The next step is to get the **tokenizer**. A tokenizer is a class, specific to the model which converts words into numbers and vice versa. A token is a numerical representation of a word or a segment of a word.

When tokenizing a **prompt**, we request a PyTorch tensor ("`pt`"):

In [5]:
tokr = AutoTokenizer.from_pretrained(model_name, token=token)
prompt = "Jeremy Howard is a "
toks = tokr(prompt, return_tensors="pt")

In [6]:
toks

{'input_ids': tensor([[    1,  5677,  6764, 17430,   338,   263, 29871]]), 'attention_mask': tensor([[1, 1, 1, 1, 1, 1, 1]])}

Converting the numbers back to words returns the same result, preceeded by a special token `<s>` the start token. 

In [7]:
tokr.batch_decode(toks['input_ids'])

['<s> Jeremy Howard is a ']

## GPU vs. CPU

Before we use the model, let's quickly explore the methods `.to("mps")` and `.to("cpu")`:

In [8]:
print(toks.to("cpu"))
print(toks.to("mps"))

{'input_ids': tensor([[    1,  5677,  6764, 17430,   338,   263, 29871]]), 'attention_mask': tensor([[1, 1, 1, 1, 1, 1, 1]])}
{'input_ids': tensor([[    1,  5677,  6764, 17430,   338,   263, 29871]], device='mps:0'), 'attention_mask': tensor([[1, 1, 1, 1, 1, 1, 1]], device='mps:0')}


You can spot the difference that the `.to("mps")`-tensor has an additional `device='mps:0'`-element. This means that this tensor is processed on the GPU, unlike the `.to("cpu")`-tensor. In the context of CUDA-acceleration, the analogous statements `.to("cuda")` and `.to("cpu")` would not only switch between GPU and CPU, but it would also copy the tensor from RAM to VRAM (VRAM being the dedicated GPU-Video RAM). The Apple Silicon world operates on Unified Memory (shared memory), meaning that the full memory of a machine can potentially be used by the GPU cores. While this saves time in the Apple Silicon world because there is no copying, the memory of Nvidia cards tends to be faster then the RAM in Apple machines.

When we pass the tokens to the LLM, we want the prompt tokens to be on the GPU, because even at inference, the LLM is very compute intensive, and it uses operations like matrix multiplication which can very well be optimized and parallelized on a GPU.

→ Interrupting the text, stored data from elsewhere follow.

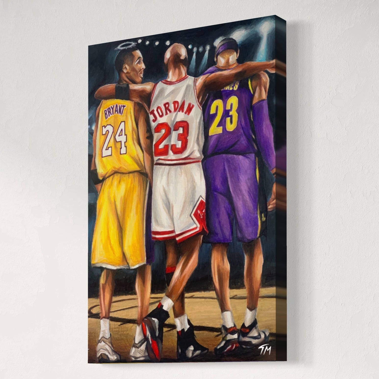 Immerse your space with artwork of Tommy Manning with our ready-to-hang Canvas Prints. Elevate your walls with this hand-painted masterpiece, blending artistry and ambiance with Michael Jordan, Kobe Bryant, and LeBron James Canvas Wall Art Prints, showcasing the legendary trio of basketball greatness. Each high-quality print captures the iconic moments and unparalleled talent of these sports icons, perfect for fans and collectors. These vibrant, durable canvases make a powerful statement in any room, celebrating the legacy and impact of basketball's most influential stars.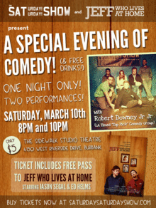 Paramount Pictures and The Saturday! Saturday! Show present a very special evening of comedy with LA Times "Top Pick" comedy group ROBERT DOWNEY JR JR and friends! There will be laughs, surprises & free drinks!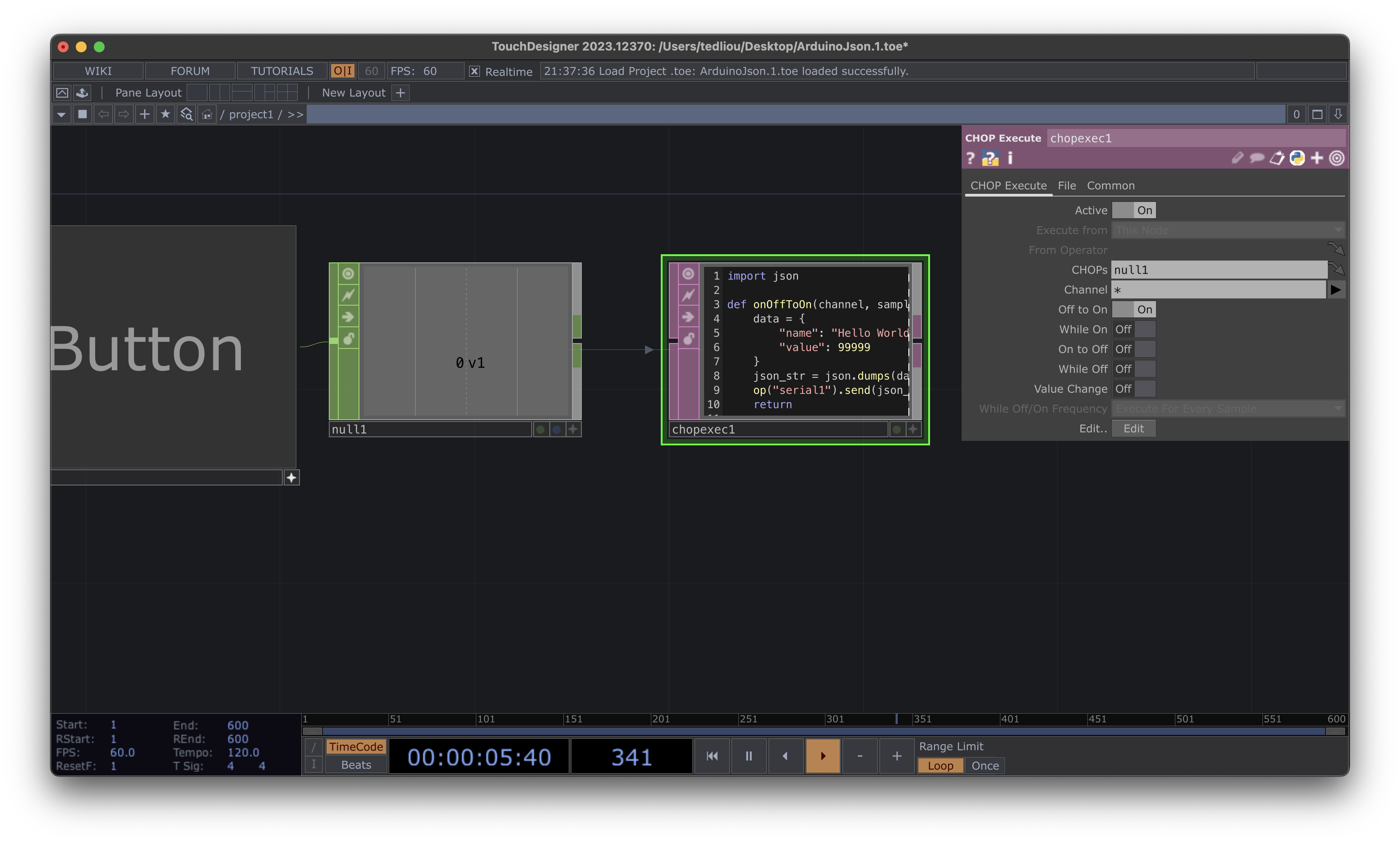 import json:引入 Python 內建的json模組,用於處理 JSON 資料的序列化與反序列化。onOffToOn(channel, sampleIndex, val, prev):這是CHOP Execute (DAT)在Off to On事件發生時會自動呼叫的函式。data = { ... }:建立一個 Python 字典,其鍵名name和value與 Arduino 端的 JSON 結構 (InputData類別) 保持一致。name欄位使用了 absTime.frame 來取得當前 TouchDesigner 的幀數,使其每次發送都帶有獨特的識別。json_str = json.dumps(data):將 Python 字典data轉換為 JSON 格式的字串。op("serial1").send(json_str, terminator="\n"):這行是關鍵!它透過名稱為"serial1"的 Serial (DAT) 節點(假設你先前的 Serial (DAT) 節點名稱為serial1)發送 JSON 字串。terminator="\n"參數確保在發送的字串末尾加上換行符,這樣 Arduino 才能正確識別一條完整的 JSON 訊息。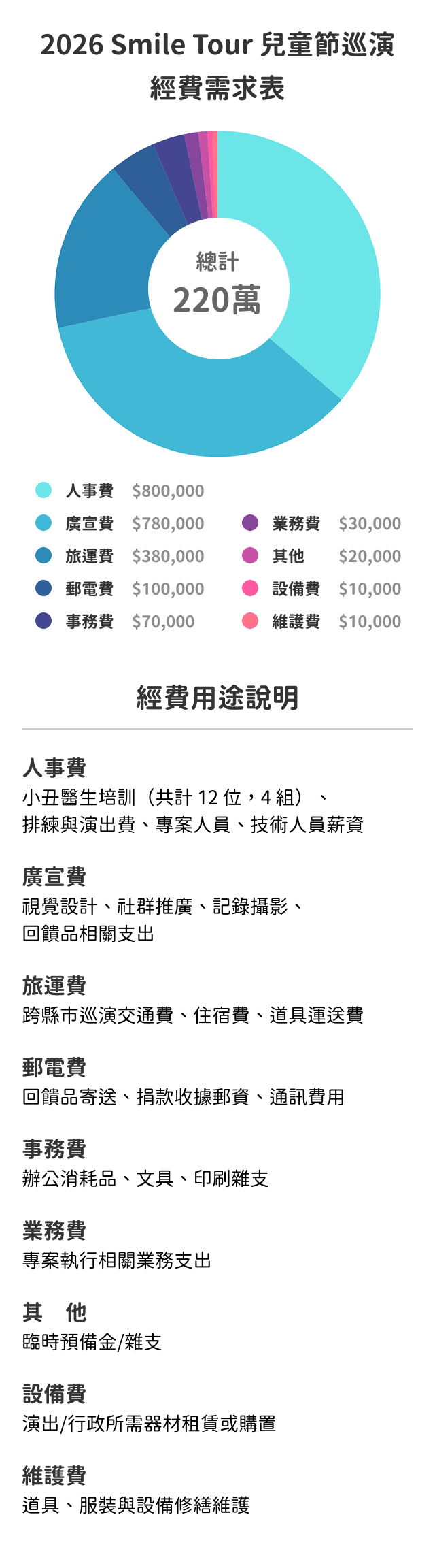 如果您認同我們的公益行動,邀請您支持「2026 Smile Tour 兒童節巡演計畫」,一起成為歡笑傳遞者!

We want the resulting tensor to be on the CPU because the subsequent operations (like converting the generated tokens to text) expect a tensor to be on the CPU. In the Apple Silicon world we do not need to free valuable GPU memory, but moving the tensor to the CPU is best for compatibility with further processing.

## Running Llama2

So let's go ahead and generate the response of the model by passing the prompt tokens and requesting new tokens.

In [9]:
%%time
res = model.generate(**toks.to("mps"), max_new_tokens=15).to('cpu')
res

CPU times: user 3.63 s, sys: 33.6 s, total: 37.3 s
Wall time: 3min 28s


tensor([[    1,  5677,  6764, 17430,   338,   263, 29871, 29896, 29929, 29899,
          6360, 29899,  1025,   515,   951,  5779, 29889,   940,   756,  1063,
          9701,   297]])

In [10]:
tokr.batch_decode(res)

['<s> Jeremy Howard is a 19-year-old from Leeds. He has been involved in']

So far so unperformant:

- CPU times: user 3.63 s, sys: 33.6 s, total: 37.3 s
- Wall time: 3min 28s

The result is pretty poor on my M2 Max with 32GB RAM, especially considering that Jeremy's machine did the same thing in less than 2 seconds. There are probably a couple of reasons which produce this dramatic difference in performance:

- Nvidia memory throughput is a lot better then Apple's unified RAM
- The model I used was originally optimized and quantized for Nvidia GPUs. To run this model on my MacBook, I had to disable the 8-bit quantization (`load_in_8bit=False`) among other changes. While this adaptation was necessary for compatibility with Apple Silicon, it discarded all the optimizations.
- PyTorch's optimization for CUDA is probably still way better than its MPS optimization.

Whatever the true reason is, my intuition is that it is not mainly the "hardware's fault", but rather the way I ran the model. After all, I had to removed the quantization to get LLama2 to run on my Mac. But there are other options out there, and I will explore them in other notebooks.

Spoiler alert: It is possible to run LLama2 on a Mac at a good speed.